While people say he has “adopted the village”, he does not agree. “I have only taken on a responsibility and I have no authority over the place,” he says.

Bhadrapura is a village in Ramanagara with 140 houses. “When travelling to Mysuru, people often overlook Ramanagara,” he says, adding, “I want the place to be known for spices.” The centre he opened in the village attracted its first investment in February this year.

One and a half years ago, Rahul set up a primary health care in the village, but it did not pan out well. “The locals were taking things for granted,” he says. “I decided, instead of giving something as charity, why not make them earn it.”

The Bhadrapura’s unit, which manufactures powders of black pepper, chilli, cardamom and coriander, had been closed for the past two months because of ongoing work. But they will resume operations soon and begin exports this October, when the village will be inaugurated as a “smart village”.

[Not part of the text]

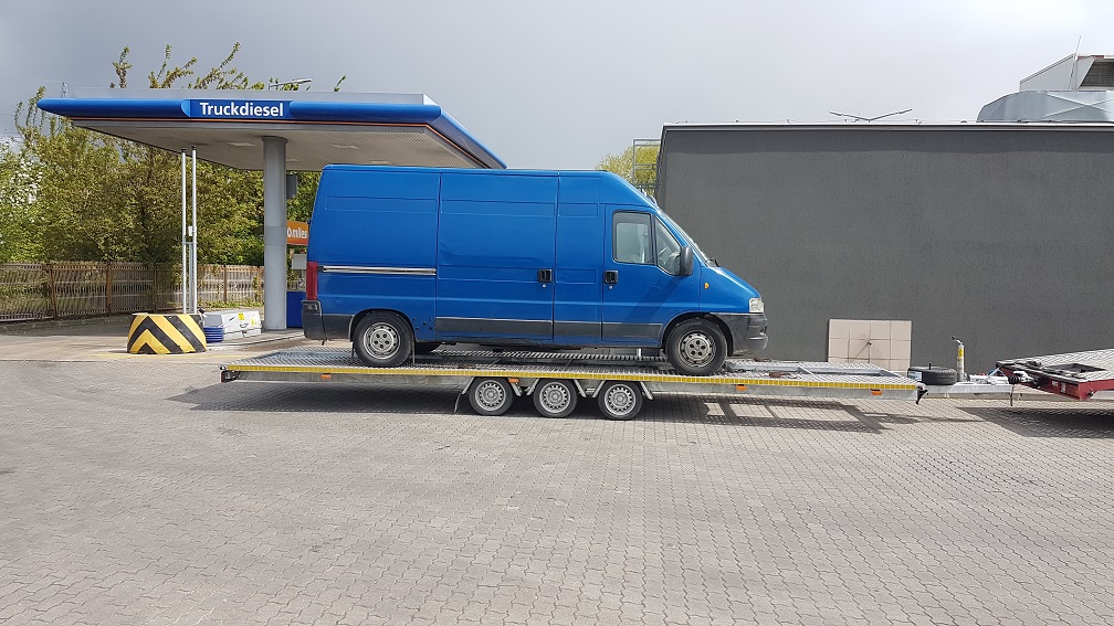Oferujemy lawetę 3 osiową o wymiarach: 2,15 x 8,00 m.

The food unit has had a domino effect and the villagers now look for more infrastructure development. “A village that has been isolated for 60 years cannot be developed in just two years,” he says. “But we have made a concerted effort to provide electricity here and raise awareness about sanitation and health as well.”

Rahul believes that the only way to develop a village is to respect its people and empower them.
“I will not call this F&B cottage unit a start-up because start-ups can fail. If this fails, then there are lives that I will be responsible for,” he says.